Harvey and his research team conducted two studies to examine how agreeableness influenced feedback and team task performance.
In the first study, 182 adults were asked to provide actionable feedback to the writer of a cover letter and then completed a personality assessment. The researchers used text analysis software to identify the proportion of words in the feedback submissions that were associated with positive and negative emotions, and found that an individual’s level of agreeableness was associated the emotional tone of the feedback that they provided.
For their second study, the researchers collected data from 517 salespeople and 53 sales team leaders who were working for a financial services firm in Canada.
The team leaders provided information about how much constructive feedback they gave their team and completed a measure of agreeableness.

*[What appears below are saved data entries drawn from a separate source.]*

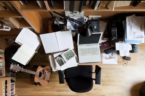 La scrivania. Come un sudario dovrebbe essere l’impronta dello scrittore assente, come un calco dovrebbe testimoniare il suo passaggio e, ça va sans dire, il suo valore, soprattutto quando, come in questo caso, è la scrivania di uno dei pochi che oggi possono giustificatamente aspirare al titolo di poeta. Ma non funziona così. La fotografia in questione non è un indizio: è un catalogo degli Oggetti.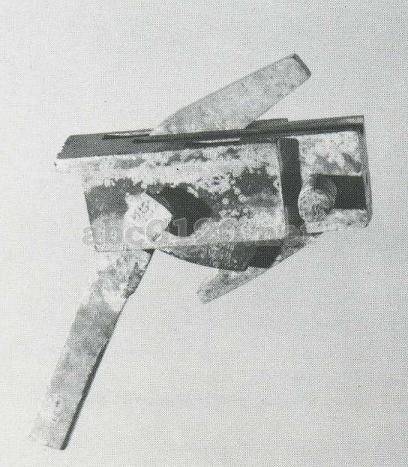 武器。弩は,遠くから射かける一種の武器である。これは,弓と引金の2つの部分から成っている。弩機は,主に弦を引きしばり,照準を定め,発射するのに用いられる。その各部は,一般に本製の腕本と銅製の機牙(弦掛け),望山(照準器),板機(発射用),および木製あるいは銅製の栓塞(とめくざ)とに分かれる。漢代の弩機は,銅製の廓におさめられていることが多いこの弩機にも機廓があり,それは十分精密に作られている。機廓,機牙,板機には,ひとしく篆書で「河内工官三百二十丙」と銘文が陰刻されている。『漢書』「地理志」によれば,河内郡は高祖の二年(前205)に置かれた郡で,その中の懐県には工官があったという。このことは,この弩機が懐県で生産され,河内郡の工官が製作したものであることを物語っている。漢代の懐県は,今日の河南省武陟県にあたる。「河内工官」の弩機が雲南で出土したことは,2000年も前に,内地と辺境とが密接な経済・文化関係にあったことの証拠である。戦国時代に弩は中原地方の各国の戦争で大量に使用されたが,その時代の雲南では弩はまだ発見されていない(ようやく前漢中期になって,墓の中に弩機が発見されるようになる。雲南の弩は,大体前漢時代に相当する。漢の武帝が西南夷に対して兵を用い,益州郡を設置するに従って辺境と内地との経済・文化関係も日ましに密接となり,ようやく伝来してきたのであろう。出所:「雲南博物館青銅器展」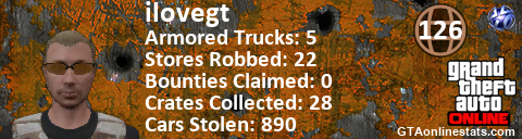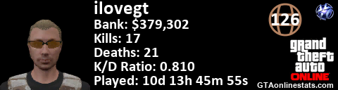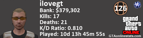 [URL=http://GTAonlinestats.com/showplayer/ilovegt][IMG]http://GTAonlinestats.com/signature/ilovegt/sig.png[/IMG][/URL]

The team members provided information about the team’s reflexivity, or the extent to which they reviewed their approaches their job and discussed the methods used “to get the job done.” The teams were also rated on their ability to come up with new ideas to improve performance, develop adequate plans for the implementation of new ideas, finding new ways of performing work tasks.
Team leaders who provided more constructive feedback tended to have team members who reported higher levels of reflexivity. Teams with greater reflexivity, in turn, tended to have greater performance. Importantly, the researchers found that the link between constructive feedback and increased team reflexivity was especially strong for teams with more disagreeable leaders.

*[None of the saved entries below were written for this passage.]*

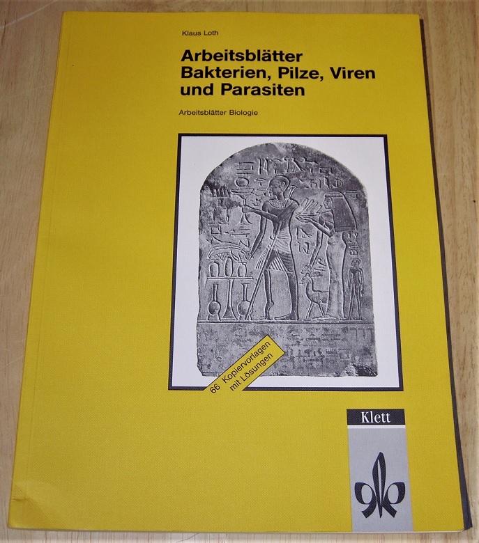 Loth, Klaus: Arbeitsblätter Bakterien, Pilze, Viren und Parasiten. [66 Kopiervorlagen mit Lösungen]. 1. Aufl., 1. Dr. Stuttgart/Düsseldorf/Berlin/Leipzig, Klett-Schulbuchverl, 1995. 30 cm. 128 S. Kart. Unteres Kapital gestaucht, sonst leichte Gebrauchsspuren. Keine Einträge. Arbeitsblätter Biologie.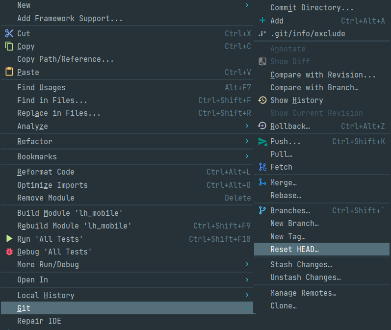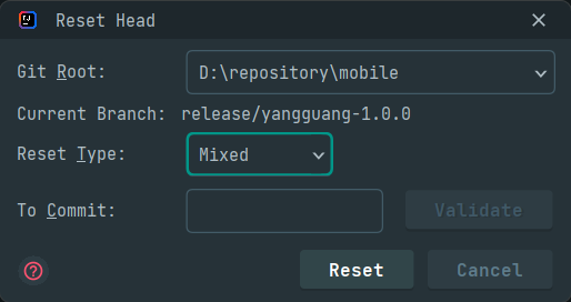 5.再次重复上一步操作,Reset Type 选择 Mixed,To Commit 填写复制的当前版本号,点击 Reset
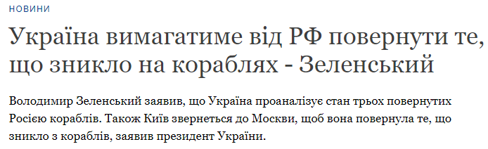 Ролекс, а ты в курсе что корабли передали Украине на "ответственное хранение"? Ты хоть сейчас осознаешь уровень идиотизма Зелебобы? В какое гавно он вступил когда подписал лично или через своих представителей бумаги относительно этого? Пуйло перед Нормандией снимает с себя балласт и кроме того откровенно глумится над идиотом, который у нас вместо президента, надеюсь, временно. Да не то, что глумится а сцит ему прямо в рожу.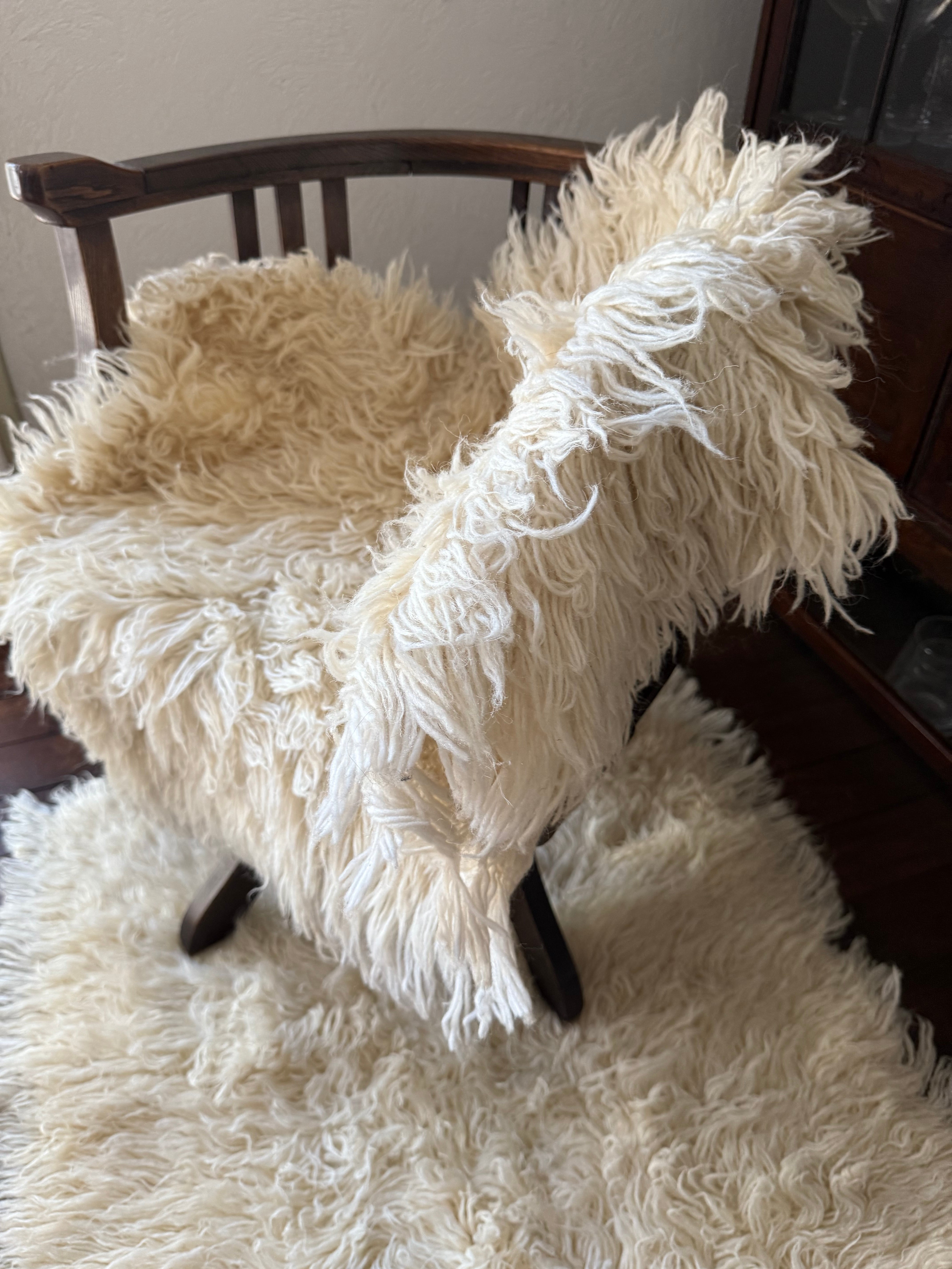 織り方はざっくりとしていて、いかにも家庭で織られてきた手織りの織り物。手で紡いだ長い羊の毛を織り込んでいます。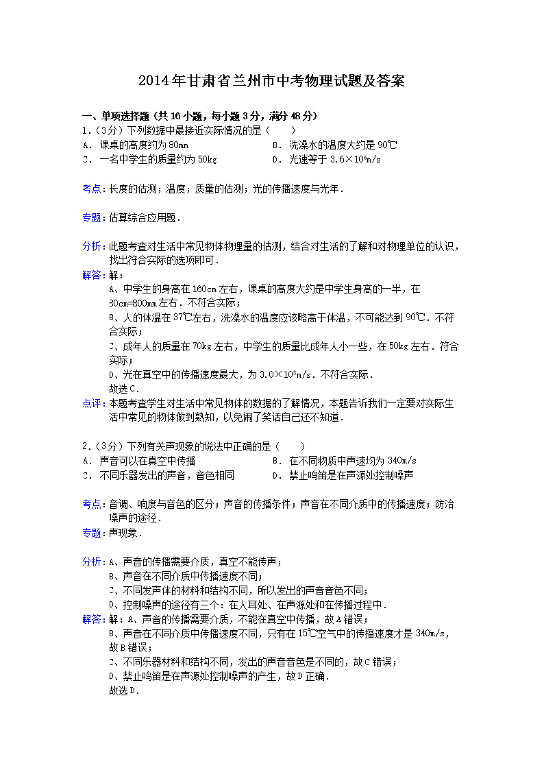 【文档名称】 2014年甘肃省兰州市中考物理试题及答案(Word版).doc

“We show that agreeableness heightens the positive emotional tone that an individual uses when providing constructive feedback. Then, in a second study, we show that highly agreeable leaders’ constructive feedback is less impactful than lesser agreeable ones: the former’s feedback does not push their team to reflect on its work, which stimulates performance,” Harvey told PsyPost.
“In other words, tone can make the meaning of feedback ambiguous and the feedback-giver’s intentions can be hard to decipher. Thus, highly agreeable leaders may want to be mindful of their tendencies to use positive emotional tone when providing constructive feedback.”
“This does not mean to be disagreeable in general—there are pros to being agreeable such as invoking strong social ties and building high-quality relationships—but to be aware of the influence of the facet of one’s personality when providing constructive feedback,” Harvey explained.
But the study, like all research, includes some caveats.
“We do not consider the team members’ attributes and we only tested our theory with sales teams,” Harvey said. “Some individuals may be particularly keen at picking up the cues from any type of feedback, and start a conversation that spurs reflexivity within their team. Moreover, future research should both examine leader agreeableness and feedback dynamics in other contexts.”
“Agreeableness has been shown to positively influence leadership effectiveness when effectiveness is defined by affective and relational dimensions, but not when it is defined in terms of execution and performance,” he added. “The study helps explain why that is.”
The study, “Constructive feedback: When leader agreeableness stifles team reflexivity“, was authored by Jean-François Harvey and Paul Green Jr.